Histologically, stromal fibroblasts produce bony matrix without morphologic evidence of osteoblastic cells at the periphery of the bony spicules in fibrous dysplasia.4 Ultrastructural and biochemical studies have suggested that the fibroblastic component of fibrous dysplasia is related to the osteogenic lineage;7, 8 however, precise molecular biological evidence for this has not yet been presented. Recently, it was demonstrated that osteogenic differentiation from mesenchymal stem cells is controlled by the transcriptional factor Runx2.9, 10 Therefore, differences in the expression of Runx2 and other osteogenic markers might permit the histological distinction between the fibrous dysplasia and ossifying fibroma.
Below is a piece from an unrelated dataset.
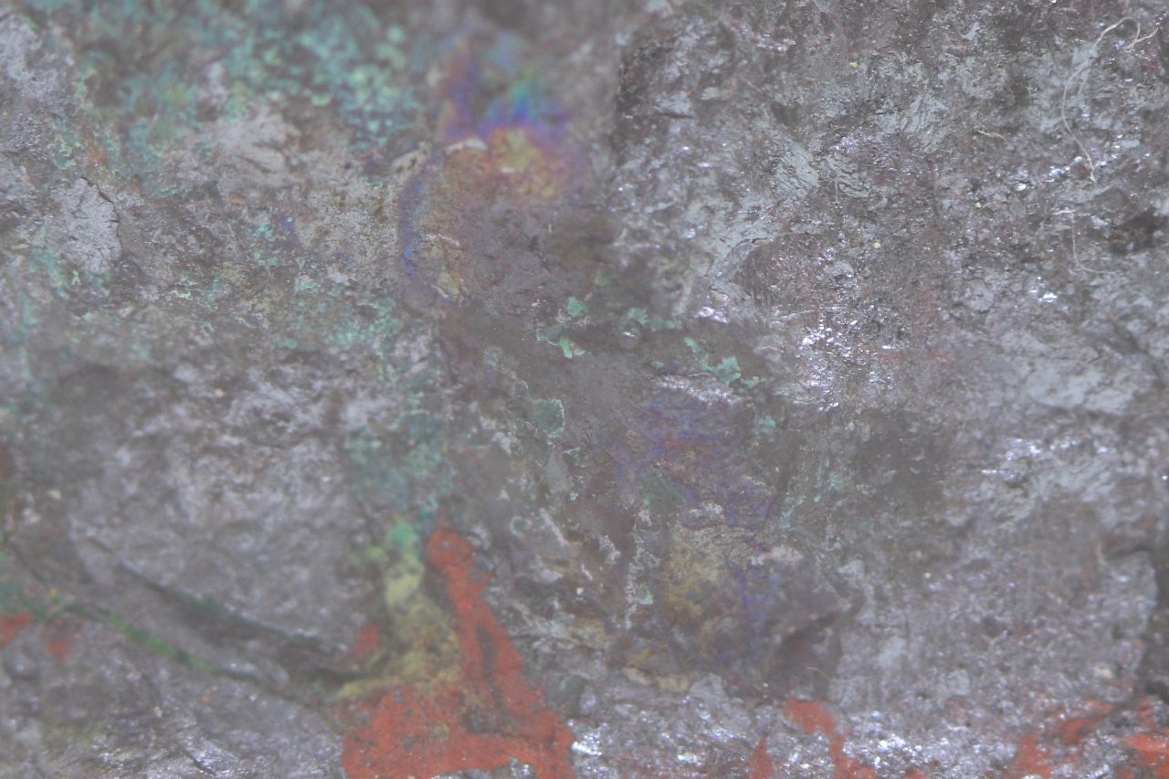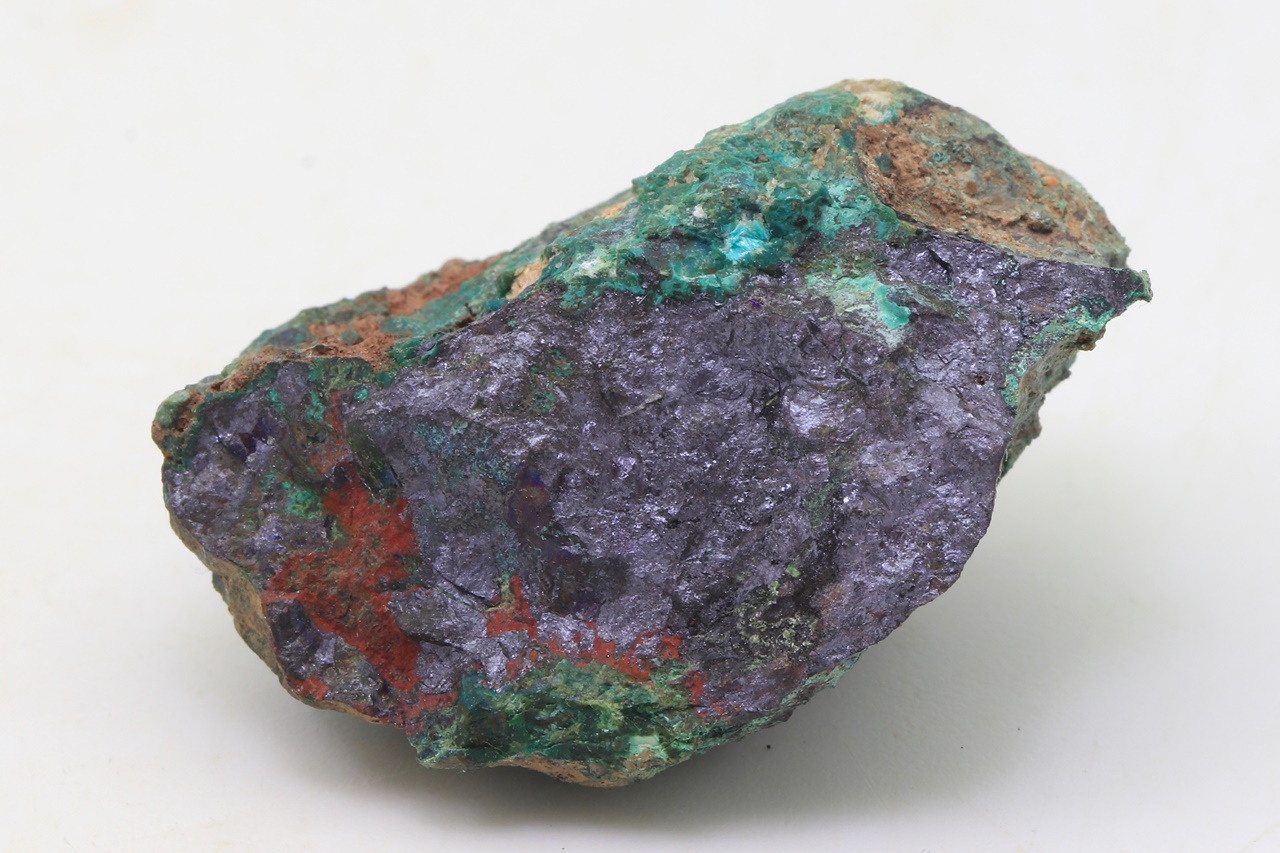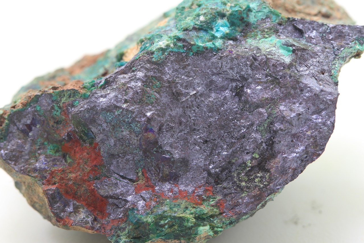 Zrna Domeykitu mit Anlauffarben in massivem dunkelroten Kuprit, bedeckt mit grünem Chrysokoll.

An activating point mutation of the alpha subunit of the stimulatory G protein gene (GNAS) at the Arg201 codon was identified in lesional tissues of patients with McCune–Albright syndrome.11 Subsequently, GNAS mutations were observed in extragnathic fibrous dysplasias without McCune–Albright syndrome,12, 13, 14, 15 recognizing it as a marker of fibrous dysplasia. However, the presence or absence of GNAS mutations in gnathic fibrous dysplasias has not been examined.

In the present study, we analyzed the expression of osteogenic markers and GNAS mutations in cases of gnathic fibrous dysplasia and ossifying fibroma with typical radiological and histological features, in order to identify important markers that permit differentiation between these two disease entities.

Materials and methods

Experimental Subjects

Nine specimens of fibrous dysplasia, five of ossifying fibroma, two of osteofibrous dysplasia and three of normal bones were decalcified in EDTA solution, fixed in formalin, and embedded in paraffin. Tissue samples used in this study were obtained in compliance with the guidelines of the Joint Commission on Clinical Investigation of Osaka University Graduate School of Dentistry and Medicine. The nine fibrous dysplasias comprised five monostotic gnathic cases, and three-monostotic and one-polyostotic extragnathic cases. All five cases of ossifying fibroma were derived from the gnathic area. These lesions were all diagnosed as typical cases based on the clinical, radiological and histological criteria. The clinical data associated with these cases are summarized briefly in Table 1. Histological sections of these samples cut at 5 μm were stained with hematoxylin and eosin and subjected to immunoperoxidase procedures.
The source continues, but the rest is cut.